* **The problem**
The answer is the data below, repeated exactly, with no pictures included.

* **Data entries**
+---+
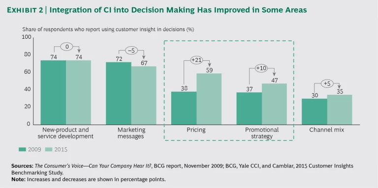 That’s not to say that progress hasn’t been made: in the years between our two studies, more-advanced CI functions have mastered a broad set of activities and skills, including building influence within the company, effectively managing a range of stakeholders, and enhancing client interaction. In addition, CI and commercial analytics team members have been forced to become more proactive and creative in disseminating relevant and timely customer insights. And our research shows that the influence of CI leaders and practitioners is increasing: the percentage of companies that pull CI into decision making increased to 68%, from 54% in 2009. The biggest gains for CI involvement from 2009 to 2015 were in the areas of pricing and promotional strategy. (See Exhibit 2.)
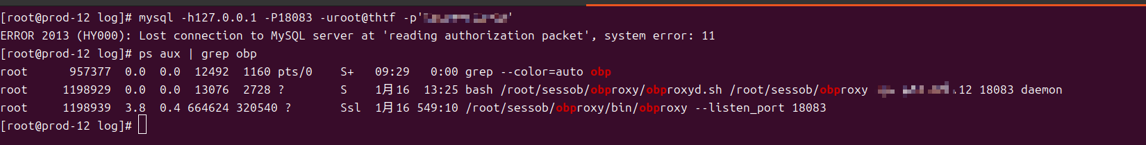 连接obproxy报错ERROR 2013 (HY000): Lost connection to MySQL server at ‘reading authorization packet’, system error: 2
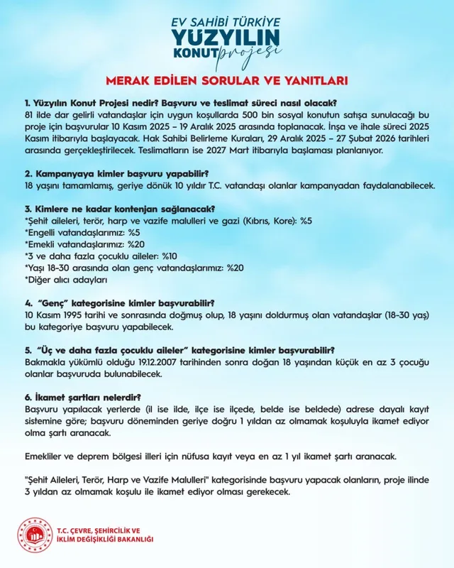 "Yüzyılın Konut Projesi'ne vatandaşların ilgisi büyük olurken, 30 soru ve cevabın yer aldığı paylaşımda merak edilen konular yanıtlandı.
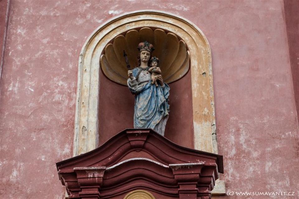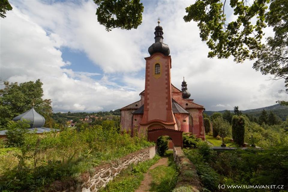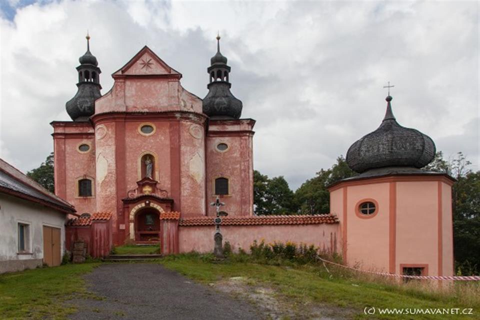 Přirozeným centrem kraje pod horou Žďánovem v Pošumaví je Strašín s poutním a zároveň farním kostelem Narození Panny Marie. Trojlodní kostel s červeně natřenou fasádou a třemi cibulovými báněmi je položen na návrší mimo ves a tak je vidět už zdaleka ze všech stran. Vznik původní kostelní stavby, ze které se dochovala pouze hranolová třípatrová románská věž v ose západního průčelí, je kladen do první poloviny 13.století.
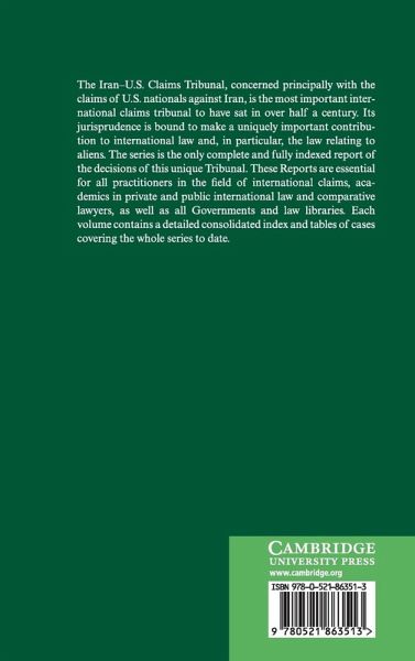 The Iran-U.S. Claims Tribunal, concerned principally with the claims of U.S. nationals against Iran, is the most important international claims tribunal to have sat in over half a century. Its jurisprudence is bound to make a uniquely important contribution to international law and, in particular, the law relating to aliens. The series is the only complete and fully indexed report of the decisions of this unique Tribunal. These Reports are essential for all practitioners in the field of international claims, academics in private and public international law and comparative lawyers as well as all Governments and law libraries. Each volume contains a detailed consolidated index and tables of cases covering the whole series to date.
+---+
* **Solved exercise**
 That’s not to say that progress hasn’t been made: in the years between our two studies, more-advanced CI functions have mastered a broad set of activities and skills, including building influence within the company, effectively managing a range of stakeholders, and enhancing client interaction. In addition, CI and commercial analytics team members have been forced to become more proactive and creative in disseminating relevant and timely customer insights. And our research shows that the influence of CI leaders and practitioners is increasing: the percentage of companies that pull CI into decision making increased to 68%, from 54% in 2009. The biggest gains for CI involvement from 2009 to 2015 were in the areas of pricing and promotional strategy. (See Exhibit 2.)
 连接obproxy报错ERROR 2013 (HY000): Lost connection to MySQL server at ‘reading authorization packet’, system error: 2
 "Yüzyılın Konut Projesi'ne vatandaşların ilgisi büyük olurken, 30 soru ve cevabın yer aldığı paylaşımda merak edilen konular yanıtlandı.
 Přirozeným centrem kraje pod horou Žďánovem v Pošumaví je Strašín s poutním a zároveň farním kostelem Narození Panny Marie. Trojlodní kostel s červeně natřenou fasádou a třemi cibulovými báněmi je položen na návrší mimo ves a tak je vidět už zdaleka ze všech stran. Vznik původní kostelní stavby, ze které se dochovala pouze hranolová třípatrová románská věž v ose západního průčelí, je kladen do první poloviny 13.století.
 The Iran-U.S. Claims Tribunal, concerned principally with the claims of U.S. nationals against Iran, is the most important international claims tribunal to have sat in over half a century. Its jurisprudence is bound to make a uniquely important contribution to international law and, in particular, the law relating to aliens. The series is the only complete and fully indexed report of the decisions of this unique Tribunal. These Reports are essential for all practitioners in the field of international claims, academics in private and public international law and comparative lawyers as well as all Governments and law libraries. Each volume contains a detailed consolidated index and tables of cases covering the whole series to date.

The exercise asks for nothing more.